Tailor-Made Design of Three-Dimensional Batteries Using a Simple, Accurate Geometry Optimization Scheme.

Abstract

In the rapidly evolving Internet of Things (IoT) society, the demand for microbatteries with high areal energy density is surging. As a promising strategy to enhance areal energy density, three-dimensional (3D) batteries have attracted attention. The feature of 3D batteries is the decoupling of the electrode thickness from the ion-transport distance through the modification of the spatial arrangement of the positive and negative electrodes beyond the conventional parallel plates configuration. This allows for the accommodation of a larger amount of active materials without increasing internal resistance.

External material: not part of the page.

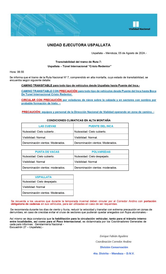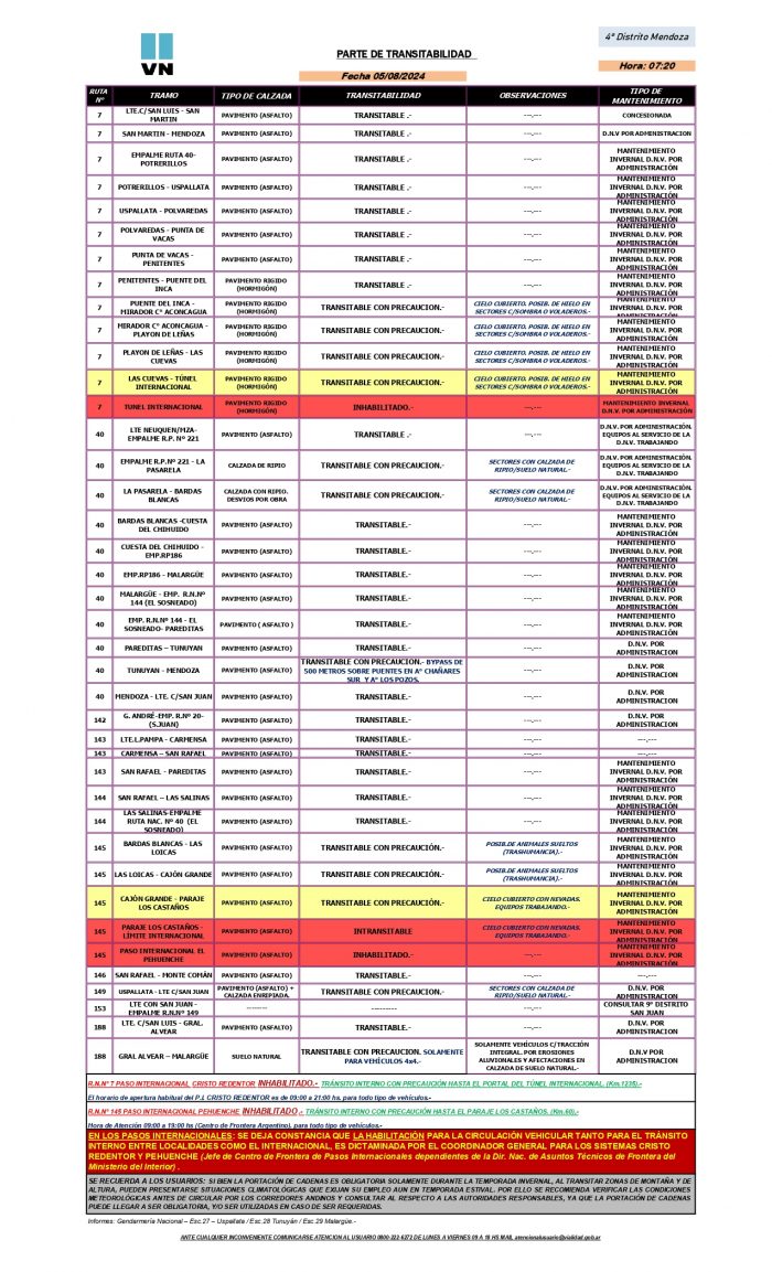 Para conocer el estado de las rutas nacionales en Mendoza, visite el siguiente enlace.

However, identifying the optimal 3D geometry is a complex task, as it depends on printable materials, the resolution of the fabrication equipment, as well as battery usage, which constitutes a multiobjective optimization problem. To overcome this challenge, we propose a novel approach to determine the optimal 3D microbattery geometry. Our innovative method involves a 3D battery optimization system, which integrates an automatic geometry generator with a quick and accurate performance simulator. This approach allows, for the first time, the discovery of material- and discharge-current-dependent optimal geometries. We successfully apply this optimization scheme to two standard electrode pairs (LiFePO4/Li4Ti5O12 and LiNi0.5Mn0.3Co0.2O2/graphite), demonstrating a significant increase in energy density (30%-40% greater than the current state-of-the-art geometry), particularly under high current conditions. These findings underscore the importance of tailor-made batteries for diverse IoT applications and showcase the potential of our approach in realizing such designs.